2. Substantial Evidence Supports the Court's Decision
In urging us to conclude there is insufficient evidence supporting the trial court's finding he is an SVP, defendant makes two arguments. He contends the evidence does not support the finding he currently suffers from a mental disorder that predisposes him to commit sexual offenses or the finding he currently presents a serious and well-founded risk of reoffending. We disagree."' "A reversal for insufficient evidence "is unwarranted unless it appears 'that upon no hypothesis whatever is there sufficient substantial evidence to support'" '" the verdict. (People v. Manibusan (2013) 58 Cal.4th 40, 87.)
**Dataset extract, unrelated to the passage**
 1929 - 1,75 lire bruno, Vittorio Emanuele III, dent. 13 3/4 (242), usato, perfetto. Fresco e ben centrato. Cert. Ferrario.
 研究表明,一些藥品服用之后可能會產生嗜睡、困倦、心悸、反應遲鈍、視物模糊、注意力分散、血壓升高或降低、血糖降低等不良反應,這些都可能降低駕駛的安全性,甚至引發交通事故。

The record here contains substantial, overwhelming evidence, including extensive testimony from two qualified experts, regarding defendant's current mental disorders that predispose him to committing violent sexual offenses and the current risk he presents to the health and safety of others within the meaning of the SVP Act. The trial court's 46-page decision set forth in detail its reasons for finding the testimony of the People's experts was more credible and persuasive than the defense expert on those issues. The court made specific findings on the qualifying offenses, defendant's current mental disorders, the factors evidencing defendant's volitional and emotional impairment, his likelihood of reoffending, and his failure to meaningfully participate in treatment or have any identified exit plan.
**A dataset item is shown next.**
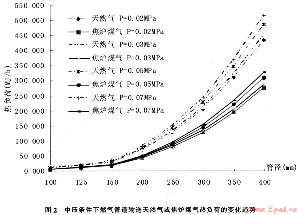 燃?xì)夤艿肋M(jìn)口壓力分別為0.02MPa、0.03MPa、0.05MPa和0.07MPa時(shí),在等壓降、等管徑以及相同管道長(zhǎng)度的條件下,燃?xì)夤艿垒斔吞烊粴馀c焦?fàn)t煤氣的熱負(fù)荷見(jiàn)表5。變化趨勢(shì)見(jiàn)圖2。由表5可知,對(duì)于兩者而言,在相同條件下,燃?xì)夤艿垒斔吞烊粴庀鄬?duì)焦?fàn)t煤氣熱負(fù)荷的增長(zhǎng)率為57%~58%,即原有燃?xì)夤艿烙山範(fàn)t煤氣置換為天然氣后管道輸送能力增長(zhǎng)率為57%~58%。由圖2可知。分別對(duì)于燃?xì)夤艿垒斔吞烊粴饣蚪範(fàn)t煤氣而言。管道入口壓力不變管徑增大時(shí)熱負(fù)荷均明顯增大,增長(zhǎng)曲線較陡;管徑不變管道入口壓力升高時(shí)燃?xì)廨斔蜔嶝?fù)荷也增大,但增長(zhǎng)較少。由此可見(jiàn),管徑增大相比管道入口壓力升高更能影響燃?xì)廨斔拓?fù)荷的增長(zhǎng)。

Defendant focused a good portion of his argument on his current age and cited to three cases which he argues show a "recent trend" acknowledging the significance of the decreased risk associated with older sex offenders. None of those cases holds that old age is dispositive in risk assessment. The law remains unchanged that age is but one of the relevant factors to be taken into consideration. (People v. Hoffman (2021) 61 Cal.App.5th 976, 979 [rejecting substantial evidence challenge by 74-year-old sex offender where three experts opined he still posed a serious and well-founded risk of reoffending].) Dr. Patterson and Dr. Vorwek both acknowledged defendant's age. They also explained, and the trial court credited their opinions, that defendant's age is not dispositive in assessing risk and explained the other relevant risk factors that demonstrated defendant's level of risk of reoffending.
DISPOSITION
The trial court's decision sustaining the petition pursuant to Welfare and Institutions Code section 6600, finding defendant to be a sexually violent predator, and committing him to the custody of the Department of State Hospitals for an indefinite term is affirmed.
WE CONCUR: STRATTON, P.J., WILEY, J.